TP and TS cellular levels are dependent on tumor proliferation and growth (16, 17). Thus, modifying tumor cell proliferation might help optimize the activity of capecitabine through a modulation of TP and TS. The EGFR cellular pathway regulates cell growth as well as survival (18), and EGFR-targeting agents are currently in clinical development (19). Because EGFR is more highly expressed in tumors than normal tissue (20), tumor selectivity is a possible benefit of EGFR-targeting agents. The use of EGFR-directed drugs could be an interesting approach to modulate TS and TP. ZD1839 (Iressa) is a p.o.-active and -selective EGFR-tyrosine kinase inhibitor that blocks signal transduction pathways implicated in proliferation and survival of cancer cells, and other host-dependent processes promoting cancer growth. ZD1839 exhibits a broad spectrum of antitumor activity against many human solid tumor xenografts including breast, pancreas, lung, colorectal, and head and neck cancer (21, 22).
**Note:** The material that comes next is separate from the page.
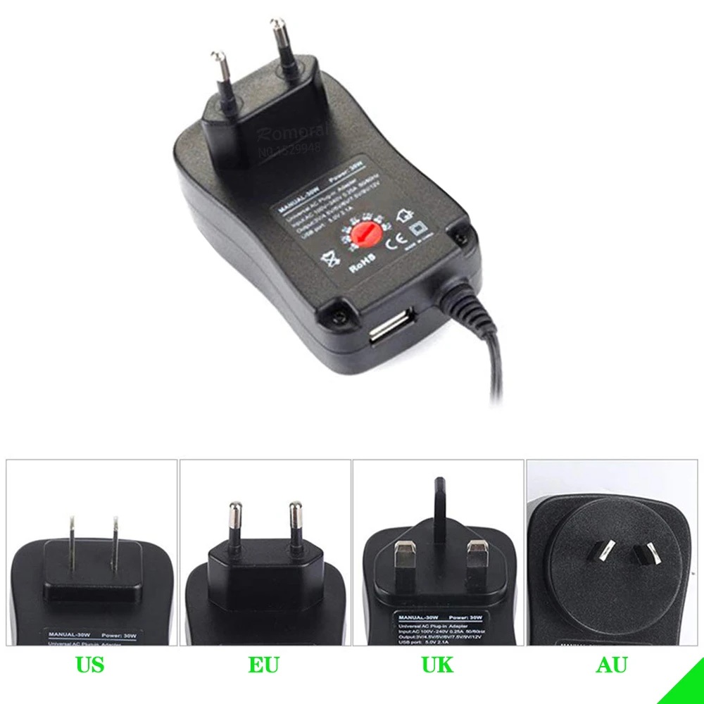 Универсальный адаптер переменного тока мощностью 30 Вт с обратной полярностью, многовольтный источник питания постоянного тока для ЖК-светодиодной ленты, маршрутизатора, концентратора динамиков, совместимый с 3-12 В, с 9 наконечниками адаптера

The aim of the present study was to examine the effects of ZD1839 on TS, TP, and DPD in CAL33, a head and neck tumor cell line that expresses high levels of EGFR (23). In addition, the cytotoxic effects of combining ZD1839 with 5′-DFUR were examined. This preclinical work was undertaken to assess the potential for clinical investigations of ZD1839 combined with the oral fluoropyrimidine capecitabine as a new strategy of p.o.-administered anticancer treatment.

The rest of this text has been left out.